Choosing Between a Data Science and Data Analytics Career

For many, deciding on a career path is challenging, especially in data science and analytics. To make this decision more manageable, it’s essential for students to first align their interests with the nature of the work they envision for themselves. Whether it’s a passion for working with numbers or a desire to integrate business with data and computer science, clarifying personal preferences is a crucial initial step.

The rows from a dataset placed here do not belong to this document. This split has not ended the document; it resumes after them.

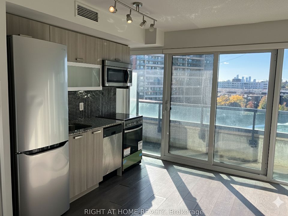 Experience urban living at its best in this bright and stylish 1-bedroom condo at Edge on Triangle Park, located at 36 Lisgar Street in the heart of Little Portugal. Bathed in natural light, this modern suite features floor-to-ceiling windows, laminate flooring throughout, and a functional open-concept layout. The sleek kitchen is complete with granite countertops, a modern backsplash, and stainless steel appliances, including a brand-new stainless steel oven. Step out onto the southwest-facing balcony to enjoy clear city views and plenty of sunshine. Freshly painted and move-in ready, the unit also includes ensuite laundry for your convenience. Set in one of Toronto's most vibrant neighbourhoods, just steps to Queen St. W, The Drake Hotel, Trinity Bellwoods Park, trendy shops, restaurants, nightlife, markets, and the TTC streetcar. Glass balcony door and blinds will be replaced/repaired. Perfect for anyone seeking a lively, connected, and contemporary lifestyle.
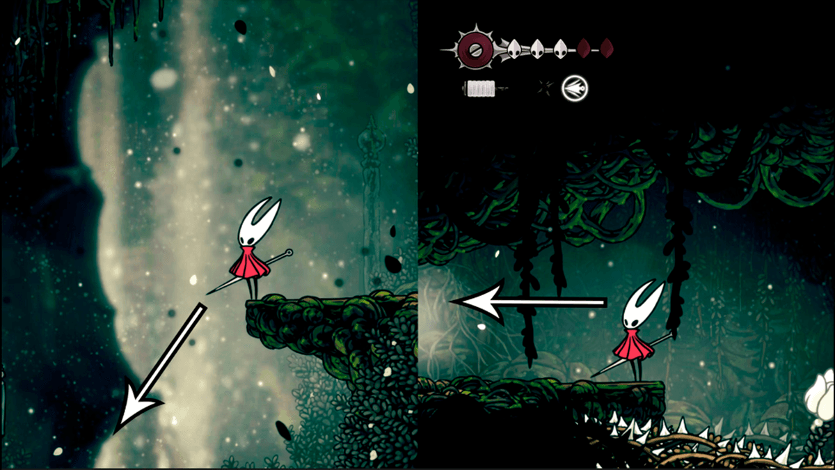 После этого сразу иди вправо и поднимайся по стене в следующую комнату. Заберись по первой же скале до самового верха, а затем прыгни влево и упади в воду. Уничтожь розовый улей, чтобы открыть проход. Залезь в «помещение» слева, спрыгни вниз и перемахни через пропасть справа, чтобы добраться до очередного сердца.
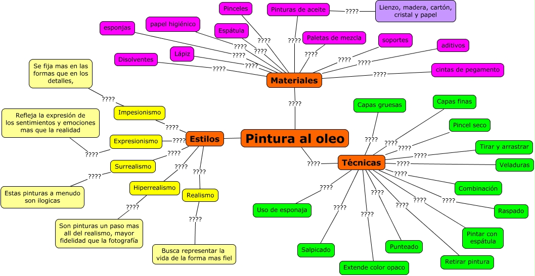 Este Cmap, tiene información relacionada con: pintura ela, Pintura al oleo ???? Materiales, Técnicas ???? Combinación, Materiales ???? Pinturas de aceite, Estilos ???? Expresionismo, Materiales ???? esponjas, Materiales ???? Pinceles, Técnicas ???? Pintar con espátula, Técnicas ???? Veladuras, Pintura al oleo ???? Estilos, Expresionismo ???? Refleja la expresión de los sentimientos y emociones mas que la realidad, Estilos ???? Hiperrealismo, Materiales ???? papel higiénico, Materiales ???? soportes, Pintura al oleo ???? Técnicas, Técnicas ???? Punteado, Materiales ???? cintas de pegamento, Materiales ???? Lápiz, Materiales ???? Disolventes, Técnicas ???? Pincel seco, Impesionismo ???? Se fija mas en las formas que en los detalles,
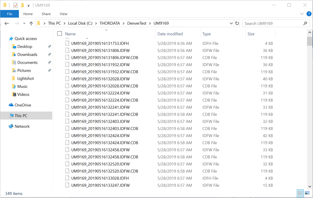 Note: If the Histogram Combo monitoring option was selected, there will be 2 file types - Waveform (IDFW) and Histogram (IDFH). The histogram shows when events occurred over time. The waveform provides detailed insight into the behavior of each event. Currently, only the histogram file is collected by App.
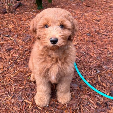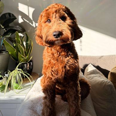 Fenn is our new prospective Mom. She is a confident, vivacious girly who is always up for a new adventure. She absolutely adores children and people. Fenwick loves car rides, boating, paddle boarding, the beach and anything in the woods. Fenwick is 18 1/2" at the shoulder and around 28lbs. She's a small medium multigenerational goldendoodle with a beautiful intense red coat that's fully furnished (genetically non-shedding). Fenwick will complete all her health testing Spring of 2026. We look forward to welcoming her first litter in the fall.
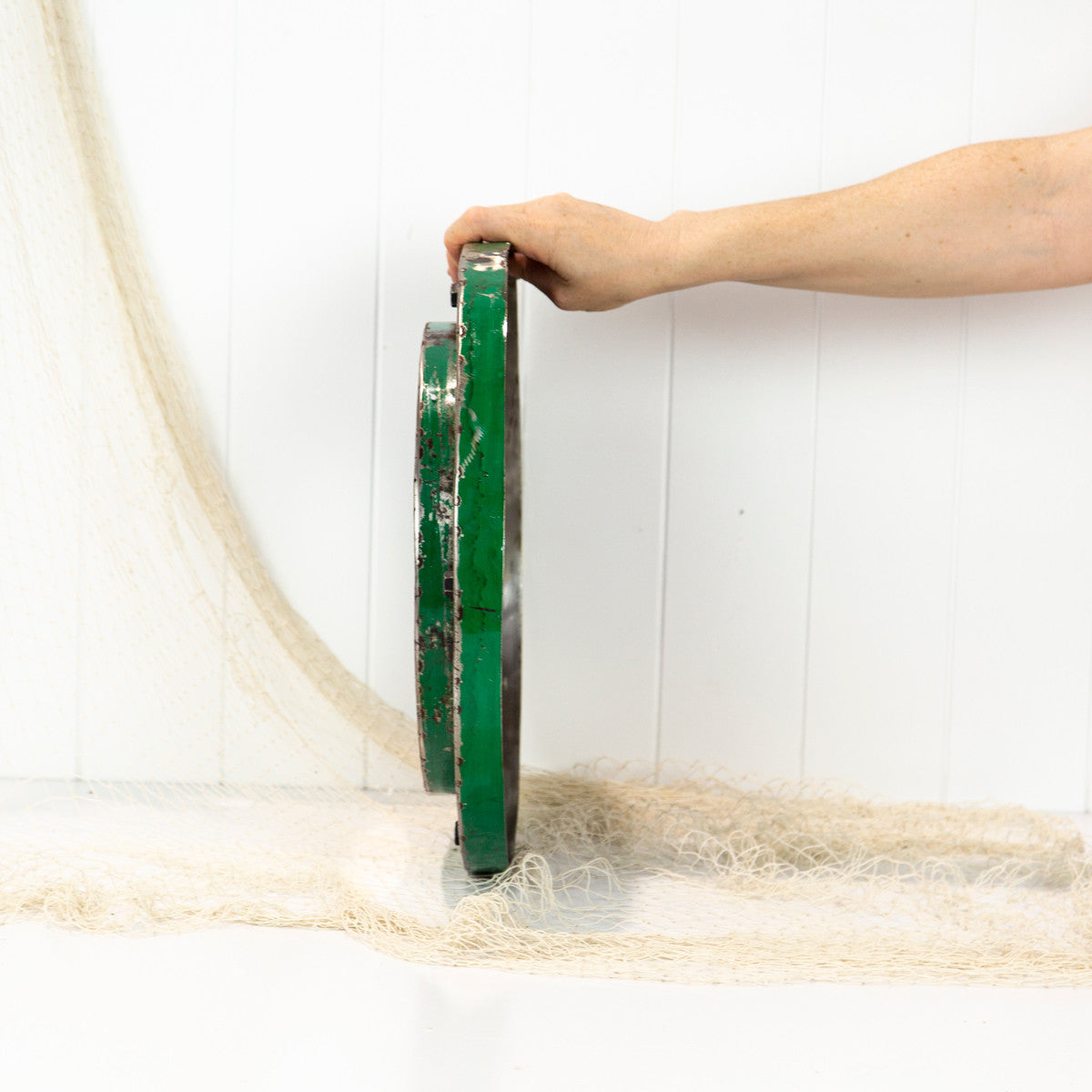 Due to the repurposed materials it has a wonderful texture and patina, each mirror  is slightly individual and may have text, but equally beautiful. More rust may form over time.
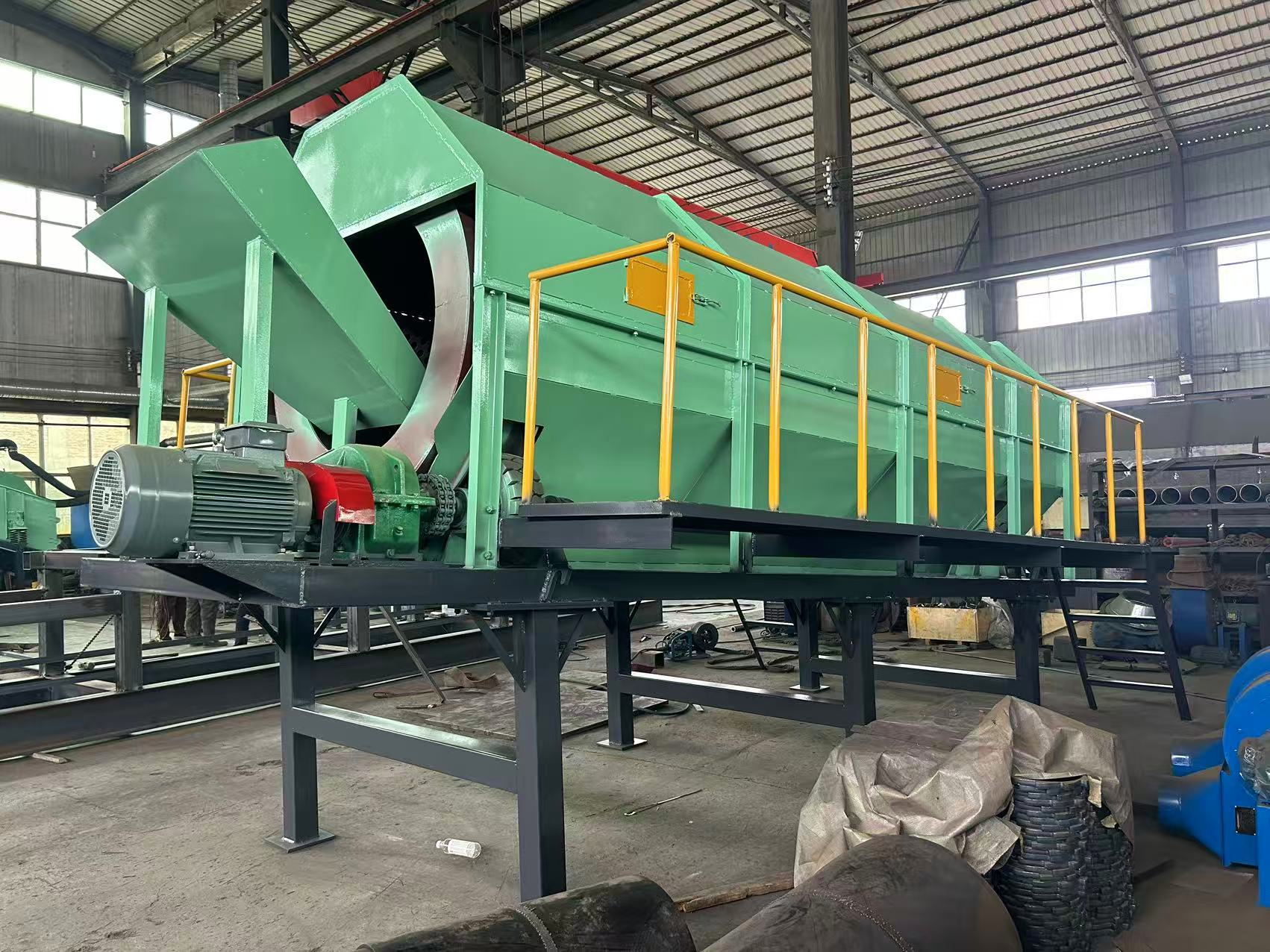 無軸滾筒篩是一種用于固體廢物分選的設(shè)備,它通過滾筒的旋轉(zhuǎn)和內(nèi)置的篩網(wǎng)來實(shí)現(xiàn)不同大小或性質(zhì)的垃圾分離。這種設(shè)備通常由電機(jī)驅(qū)動(dòng),能夠自動(dòng)對(duì)輸入的垃圾進(jìn)行篩選,將可回收物與不可回收物分開,提高垃圾資源化利用率。
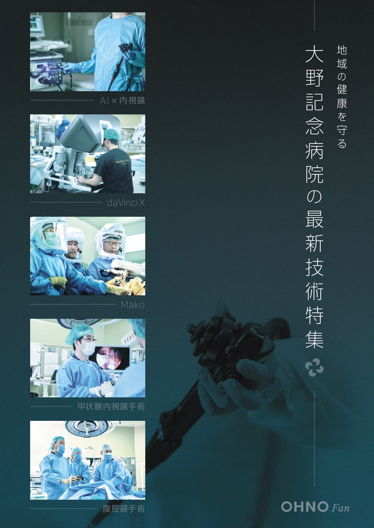 『OHNO Fan』には、もっと当院について知っていただき、「大野記念病院のファンになっていただきたい」という意味が込められております。当院の各部署紹介や、 病気の事、トピックスなど患者さんや地域住民の皆様そして地域医療を支える病診連携登録医の先生方に知っていただきたいことや当院の取り組みなどを中心に掲載しております。多くの方に読んでいただき、当院の“Fan”になっていただけますと幸いです。ぜひご覧ください。
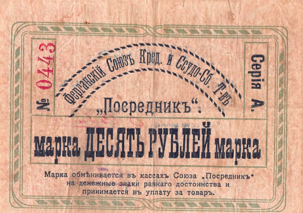 10 рублей Фергана товарищество «Посредник» 1918 (Россия: Гражданская война)
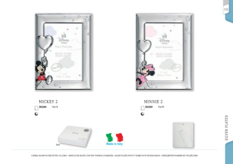 113 MICKEY 2 MINNIE 2 DI2266 10x15 DI2269 10x15 SILVER PLATED box Made in Italy CORNICI SILVER PLATED RETRO IN LEGNO • MARCOS EN SILVER CON TAPA TRASERA EN MADERA • SILVER PLATED PHOTO FRAMES WITH WOODEN BACK • VERSILBERTER RAHMEN MIT HOLZRÜCKEN
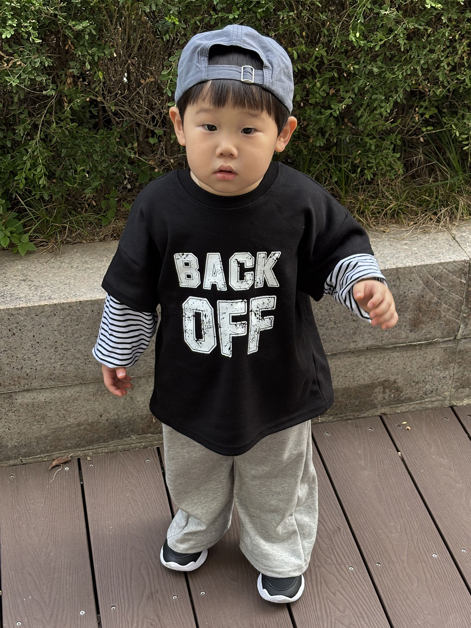 프론트에 “BACK OFF” 빈티지한 그래픽 프린팅이 귀엽게 포인트가 되어줘요.

Reflect on interests and passions

Begin by understanding your interests and passions. Assess whether you are naturally inclined towards working with numbers or find joy in leveraging data to drive business decisions. This self-reflection will help you align your career choice with your intrinsic motivations.

Evaluate educational background

Consider your educational background and the relevance of your studies to the chosen field. Identify how closely your academic foundation aligns with either data science or data analytics. If there’s a gap, evaluate the need for additional education or certifications to bridge that gap and enhance your eligibility for the desired career.

Assess professional experience

Examine your professional experience, if any, and identify the skills you’ve acquired. Determine which aspects of your experience align more closely with the responsibilities of a data scientist or a data analyst. This evaluation will provide insights into your existing skill set and potential areas for development.

Future educational requirements

Explore the educational requirements of the chosen career path. Identify whether further education or specialization is necessary for career advancement. This may involve acquiring additional certifications, pursuing advanced degrees, or participating in continuous learning programs to stay abreast of industry advancements.

Industry and job role alignment

Research the specific industries and job roles associated with data science and data analytics. Understand the nuances of each field, including the day-to-day responsibilities and the impact on business outcomes. This knowledge will help you align your career goals with the practical aspects of each role.

Bottom Line

Now that we’ve come to the end of the article, there is nothing left to say other than to hope we’ve helped you first grasp the difference between data analytics and data science, and come to the decision which field is the right for you. If you feel like you need additional education for any of these fields, we’re happy to host you at our university on three campuses. The University of the Potomac offers programs in data analytics and management at the bachelor’s level and data analytics at the master’s level. Hope to see you here.

Frequently Asked Questions (FAQs)

What is the main focus of data science and data analytics?

Data science involves extracting information and insights from data, encompassing areas like data mining, machine learning, and other data-related disciplines. Data analytics specifically concentrates on analyzing raw data to make predictions and conclusions, often at the intersection of business, statistics, and information technology.

What educational background is suitable for a career in data science or data analytics?

For data science, a degree in data science, computer science, or information technology is common. Backgrounds in mathematics, statistics, and hacking are also valuable. Data analytics often requires a bachelor’s degree in fields such as data analytics, engineering, mathematics, finance, economics, information management, or computer science.

What key skills are needed for success in data science and analytics?

Common skills for data science include proficiency in Python, Java, machine learning, data mining, and data analysis. Data analytics requires skills like SQL, programming languages, statistical analysis, and data visualization.

What are some typical roles and responsibilities in data science and data analytics?

In data science, roles may include data scientist, machine learning engineer, or applications architect. Responsibilities often involve designing data modeling processes, developing algorithms, and analyzing data for business objectives. In data analytics, roles like data analyst or business intelligence analyst may involve tasks such as designing databases, data mining, and interpreting trends from data.